→ **Information shown**:
------------------------------------------------------------------------
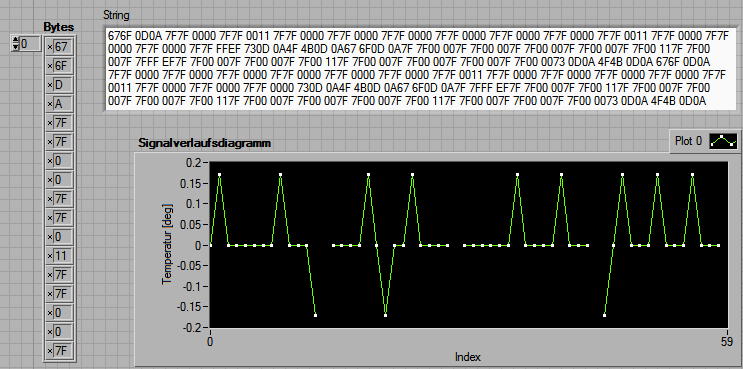 Zwischen den Datensätzen von Typ 7F7F XXXX gibt es andere Daten mit einer ungeraden Anzahl von Bytes. Da ist es natürlich etwas unglücklich, die Bytes im String zu paaren, also z.B 7F7F XXXX. Besser wäre in diesem Falle die Strindarstellung ohne Leerzeichen oder mit Leerzeichen zwischen jedem einzelnen Bytes, also 7F 7F XX XX. Das hat aber mit der Auswertung in meinem VI nichts zu tun, das funktioniert trotzdem, es ist nur eine Frage der Optik - die z.B. Dich verwirrt.
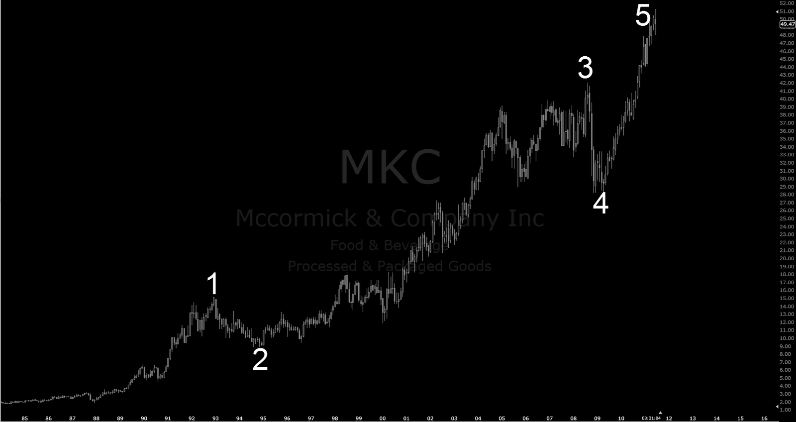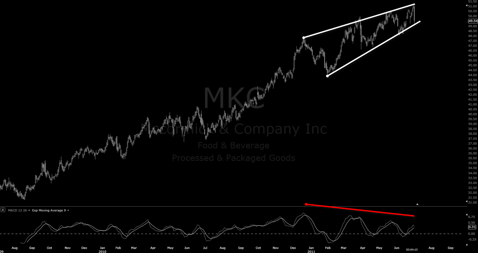 Stocks MKC – McCormick Jul 2, 2011 I shorted MKC today. It reminds me a bit too much as ending diagonal. I think it might be missing one more zigzag for it actually but will test what it will do. There should be 7 touch for ideal case, not five.
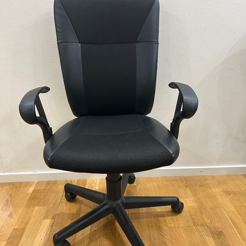 Kontorsstol med ställningsbar höjd och sittlutnibg. Armstöd går också att anpassa i höjd.
------------------------------------------------------------------------
→ **About this task**: Transcribe exactly the lines from the one holding "Stocks MKC –" through the final line of the material above, both ends included; any pictures should be dropped.

→ **Solution for this exercise**:
 Stocks MKC – McCormick Jul 2, 2011 I shorted MKC today. It reminds me a bit too much as ending diagonal. I think it might be missing one more zigzag for it actually but will test what it will do. There should be 7 touch for ideal case, not five.
 Kontorsstol med ställningsbar höjd och sittlutnibg. Armstöd går också att anpassa i höjd.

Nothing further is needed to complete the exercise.